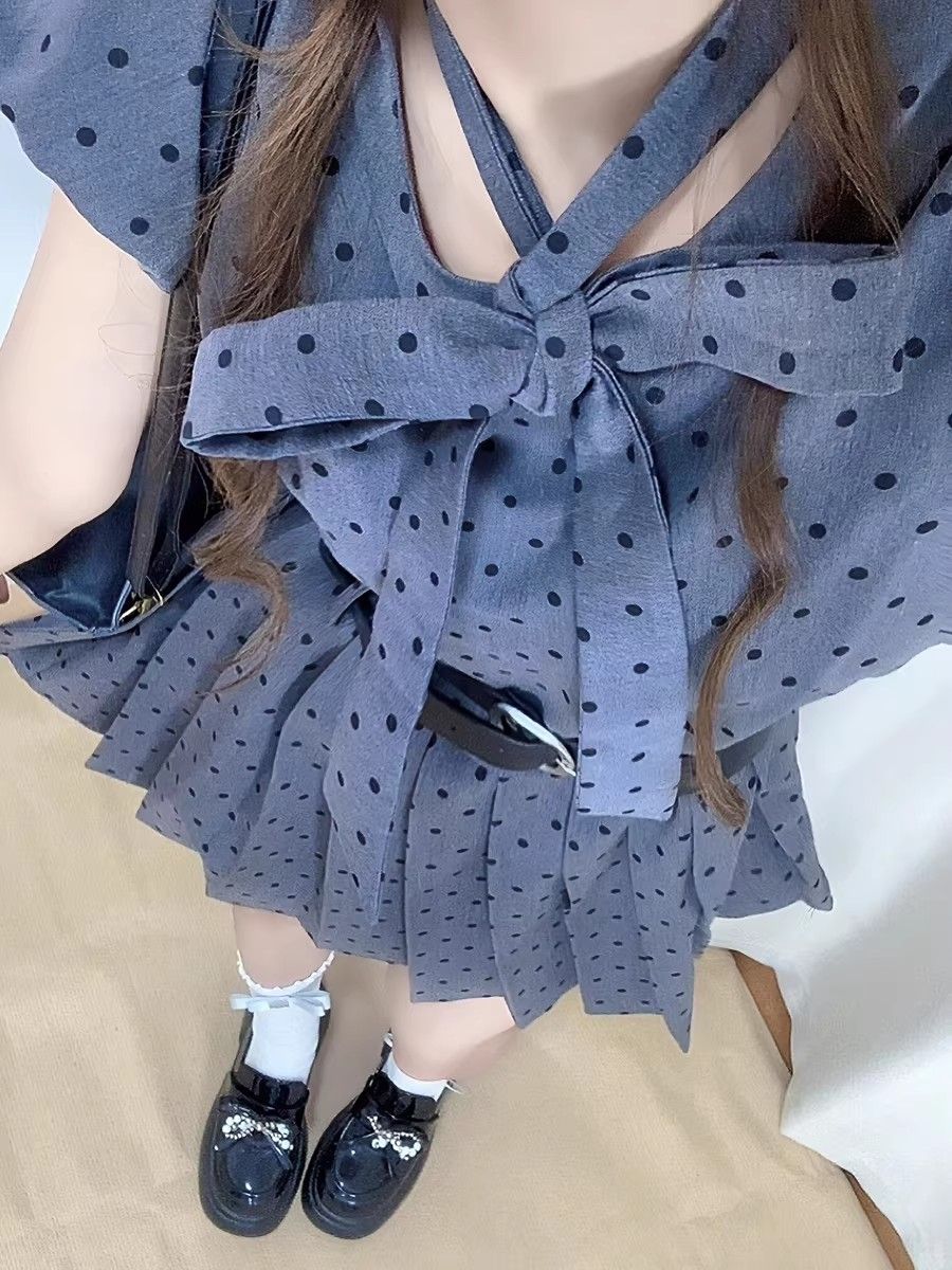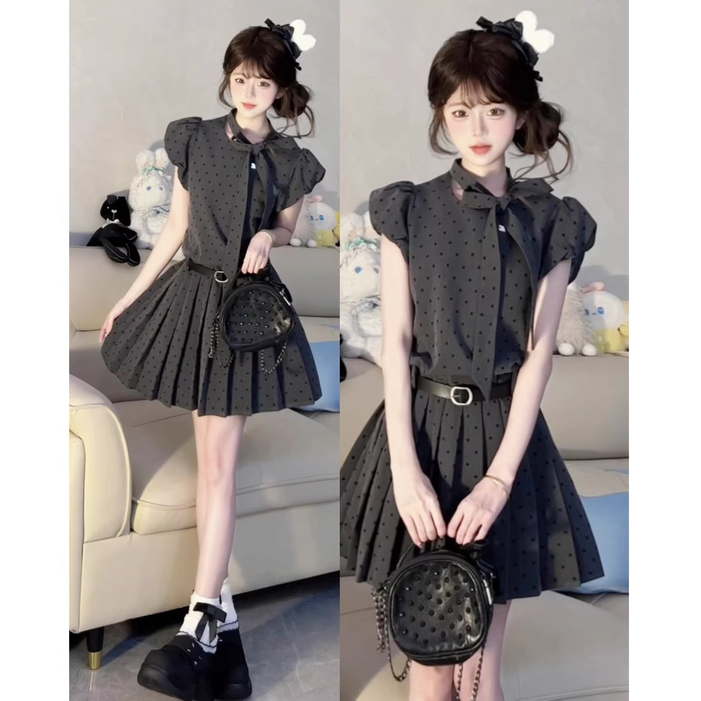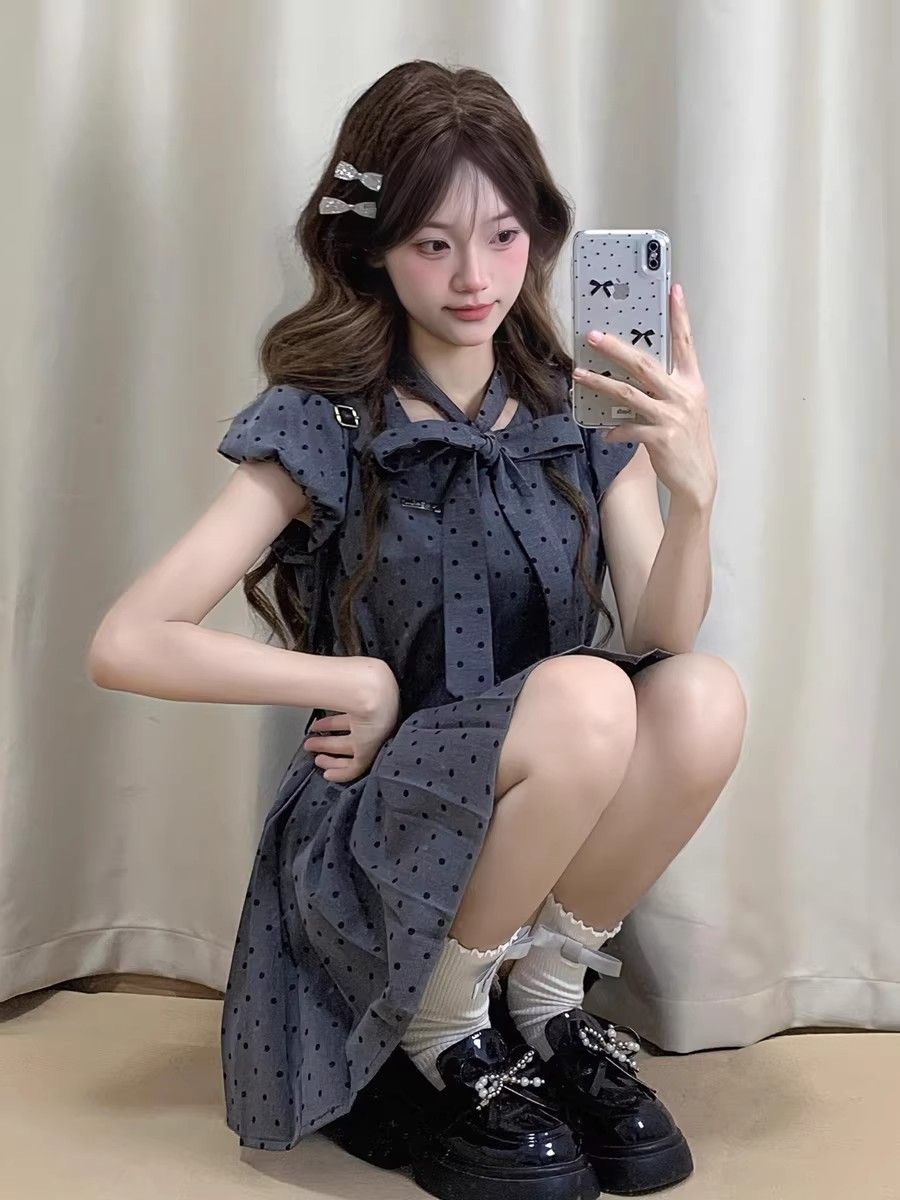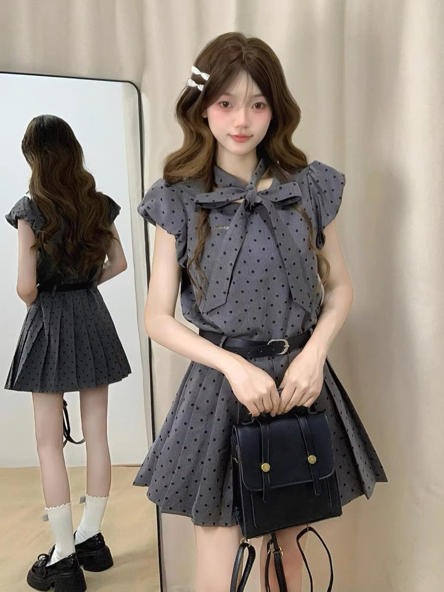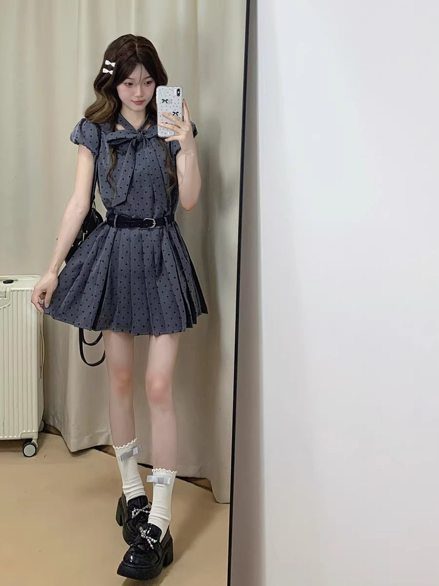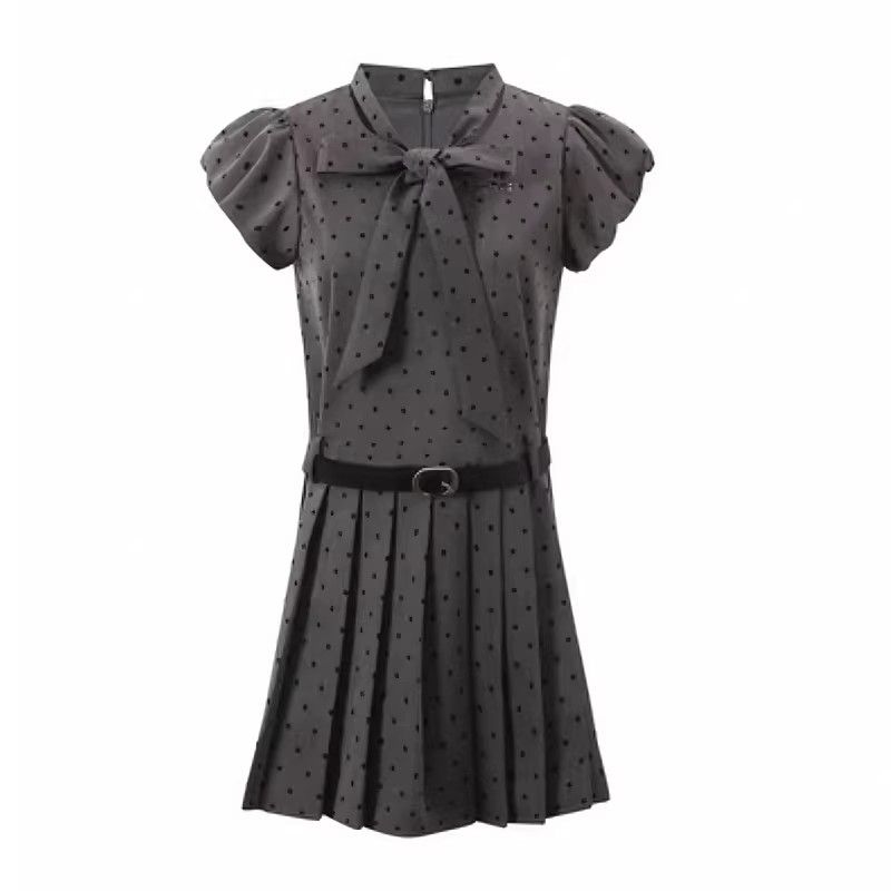 RY3506# miu系富家千金灰色波点连衣裙女夏学院风甜美蝴蝶结收腰百褶短裙
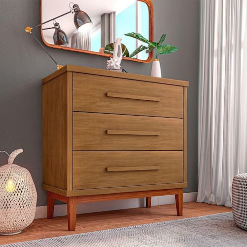 Cômoda Para Quarto 3 Gavetas Charlotte Amêndoa - Cor: Marrom
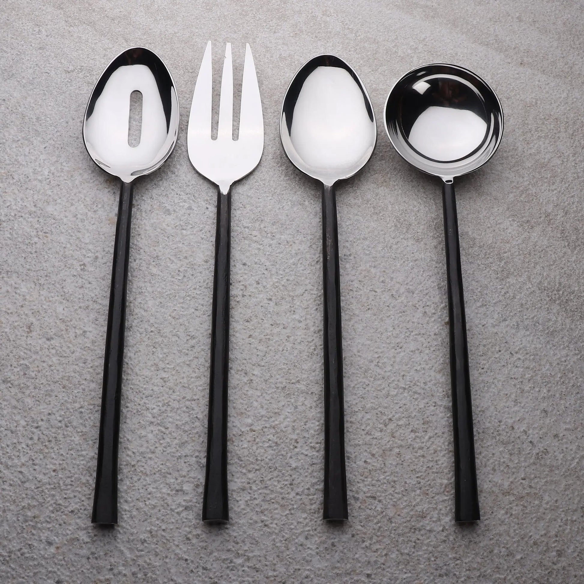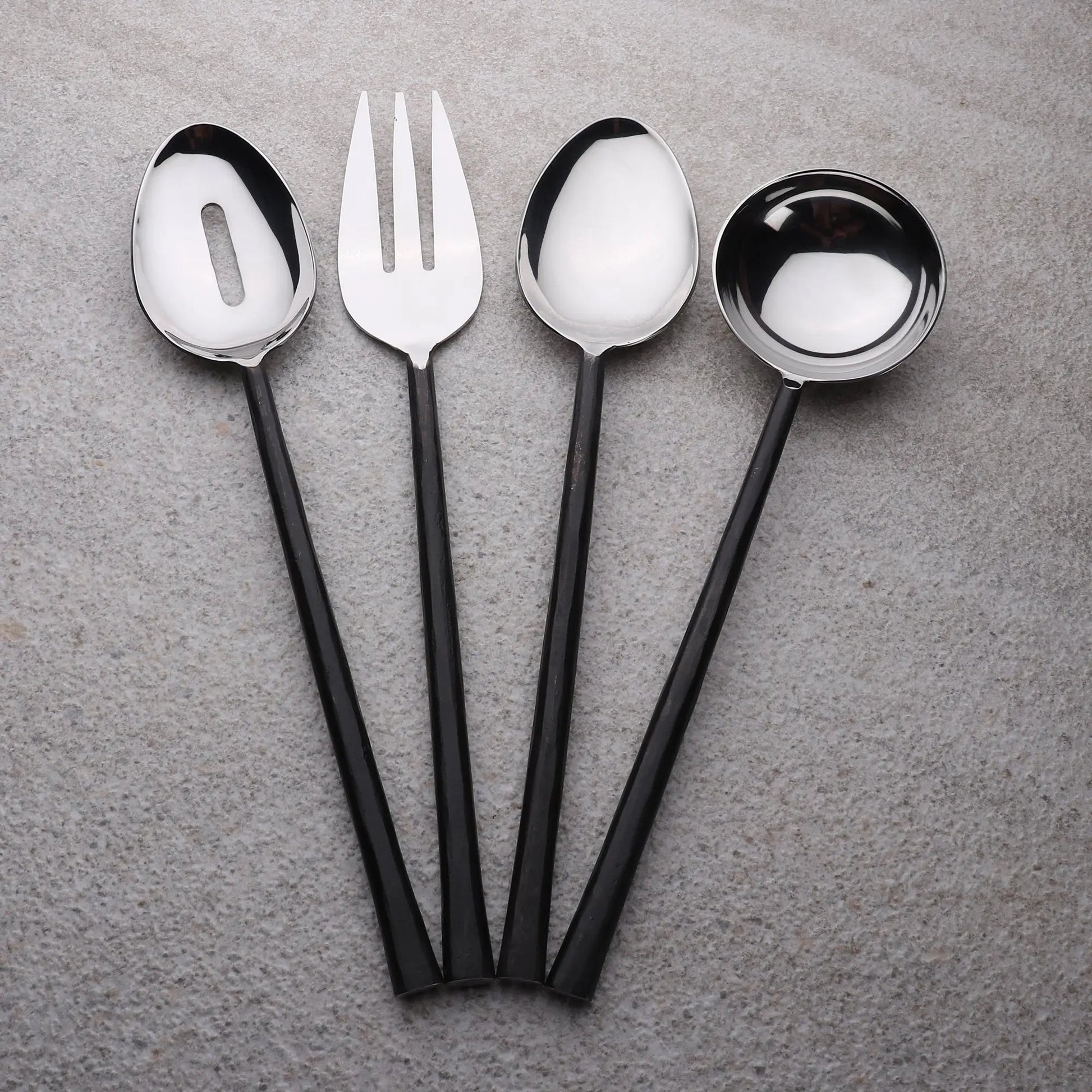 • Each set includes: 1 three-pronged fork, 1 slotted spoon, 1 serving spoon, and 1 sauce/soup ladle
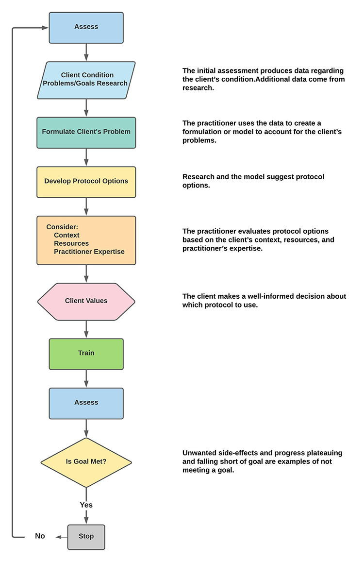 In the Steps in Protocol Development and Treatment Planning unit, we introduced a steps/decision tree for selecting protocols and treatment plans based on assessment data. In this unit, we will review three case examples to illustrate this decisionmaking process. Treatment plans should be evidence-based, informed by neuroscience, and tailored to each client. Graphic courtesy of Applied Neuroscience.
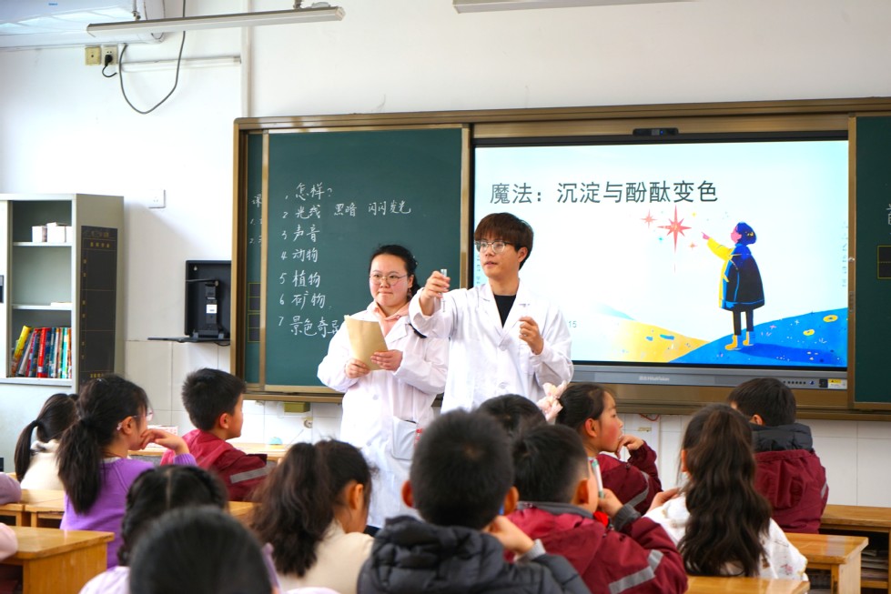 活动现场,志愿者们带领同学们开展两项趣味化学实验,同学们亲手操作实验器材,观察色彩变化与气泡现象,在志愿者的讲解中理解化学原理。随后,志愿者们讲述了长征故事与“常州三杰”革命事迹,让同学们感受先辈的坚韧与赤诚,了解本地革命先辈的奉献事迹。此次活动为我院学子提供了实践锻炼的机会,也为附属小学的同学送去了化学知识与红色滋养。
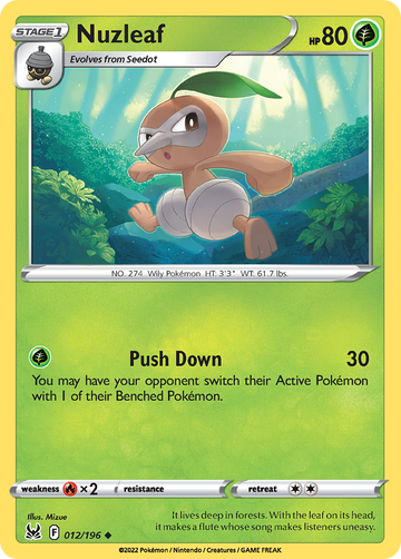 Losse Pokémon kaart 012/196 - Nuzleaf - [Uncommon]. Een losse Pokémon kaart uit Lost Origin...
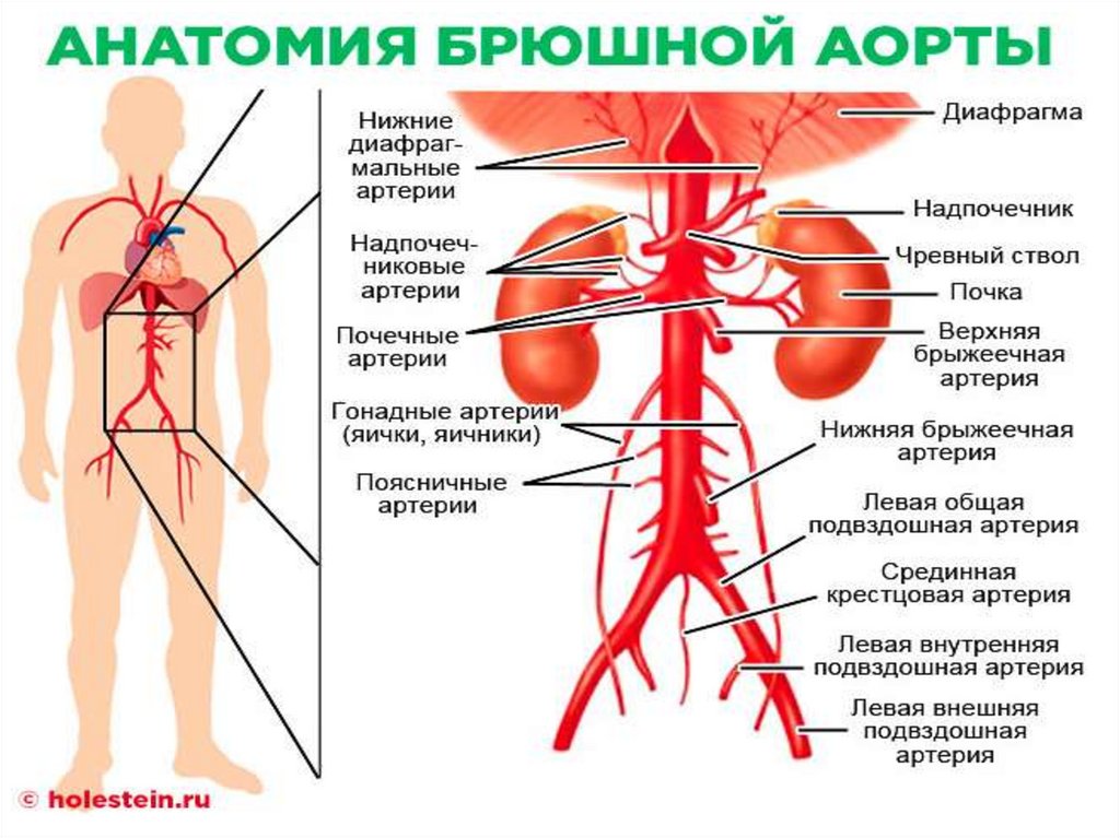 ветви: общие подвздошные артерии, каждая

━━━━━━

Take every line of the material and copy it exactly, leaving out the pictures.

 RY3506# miu系富家千金灰色波点连衣裙女夏学院风甜美蝴蝶结收腰百褶短裙
 Cômoda Para Quarto 3 Gavetas Charlotte Amêndoa - Cor: Marrom
 • Each set includes: 1 three-pronged fork, 1 slotted spoon, 1 serving spoon, and 1 sauce/soup ladle
 In the Steps in Protocol Development and Treatment Planning unit, we introduced a steps/decision tree for selecting protocols and treatment plans based on assessment data. In this unit, we will review three case examples to illustrate this decisionmaking process. Treatment plans should be evidence-based, informed by neuroscience, and tailored to each client. Graphic courtesy of Applied Neuroscience.
 活动现场,志愿者们带领同学们开展两项趣味化学实验,同学们亲手操作实验器材,观察色彩变化与气泡现象,在志愿者的讲解中理解化学原理。随后,志愿者们讲述了长征故事与“常州三杰”革命事迹,让同学们感受先辈的坚韧与赤诚,了解本地革命先辈的奉献事迹。此次活动为我院学子提供了实践锻炼的机会,也为附属小学的同学送去了化学知识与红色滋养。
 Losse Pokémon kaart 012/196 - Nuzleaf - [Uncommon]. Een losse Pokémon kaart uit Lost Origin...
 ветви: общие подвздошные артерии, каждая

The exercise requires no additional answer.